The reading of the book, however, became a very profound experience. I can only read it in small portions because every short chapter is like a session with a psychoanalyst. This writer looks into the depths of my soul and understands me the way I have never been understood. Here, for instance, is a quote from a chapter that blew my mind:
In a regular civil society, people’s minds are usually troubled by issues such as abortion, the death penalty, euthanasia, corruption in government, and the freedom and effectiveness of the press. Some might see these topics as overblown, while others can barely have a cup of coffee without catching up on the latest news. But none of these matters trouble people’s minds in the Donbas. For as long as I can remember, I’ve always heard, “We don’t make the decisions.” All we could do was think about the price of butter or how expensive potatoes had become, while the powers-that-be had already decided everything for us. My friends, have you never stopped to think why this is so, why people whose strength of character and will enables them to descend half a mile below the surface of the earth while under artillery fire are so indifferent and apathetic to their own fate?
Stanislav Aseyev, In Isolation
Aseyev is talking about the coal miners in the Donbas but I had the same experience with my fellow college students in Kharkiv in the 1990s. Their indifference to absolutely everything except slavish, meaningless toil on the dusty, grimy plots of land they called dachas was complete. We were 18, 19, 20 years old. I’d try to talk about boys, music, politics, TV shows, celebrity gossip but all I got were blank stares. Tired, indifferent looks that only got animated when my friends shared how much they had slaved at their stupid dachas over the weekend. The point of pride was not the profit they derived from the dachas (there was none) but the suffering they experienced in the struggle with them.
And here is Aseyev, talking about the same thing:
This is the very essence of the psychology of the people of the Donbas, for whom ideals like freedom and equality always came down to the choice of rope for their own noose. The mentality of a person who works 12 hours a day in very harsh conditions for a monthly paycheck of between $100 and $130 turns into something that might be called masochistic, cursing this way of living and at the same time unable to imagine an existence outside of it.
Stanislav Aseyev, In Isolation
Aseyev compares this attitude of resentful hostility to that of the liberated serfs in 1861. I left the Ukraine that was almost invariably like this in 1998 because I couldn’t abide this life in the world of the living dead anymore.
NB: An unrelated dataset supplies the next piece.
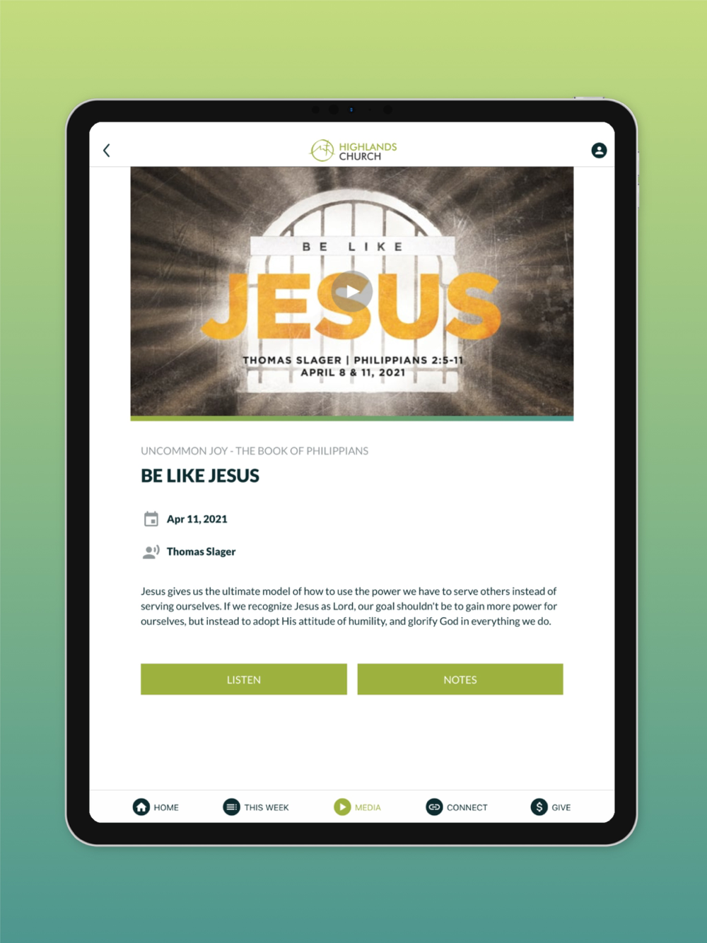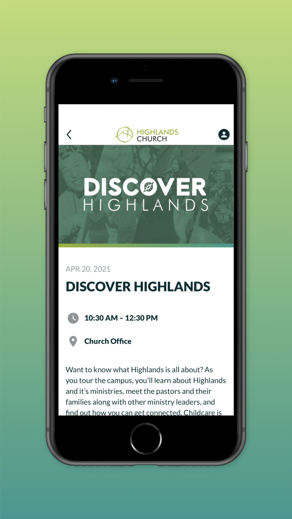 Our mission is simple: Love God. Love people. Make disciples. Connect with everything happening at Highlands Church through our smartphone app including fill-in sermon notes, announcements and events, Highlands Kids check-in, small group resources, prayer requests, online giving, and much more!

Since then, the rest of Ukraine somehow moved to normalcy but the Donbas got stuck behind. I see this in the attitudes of my cousins who are in their thirties and who can’t be moved to adopting any strategy beyond resentful indifference interspersed with angry demands for money even in the midst of a war.
I’ve tried to explain this to people for years. “But are the residents of the Donbas for Russia? Or are they for Ukraine? What do they want?” people ask. And. . . it’s just not like that. On the pages of Aseyev’s book I find the dead, indifferent Ukraine that I left in 1998 and that still exists in the Donbas.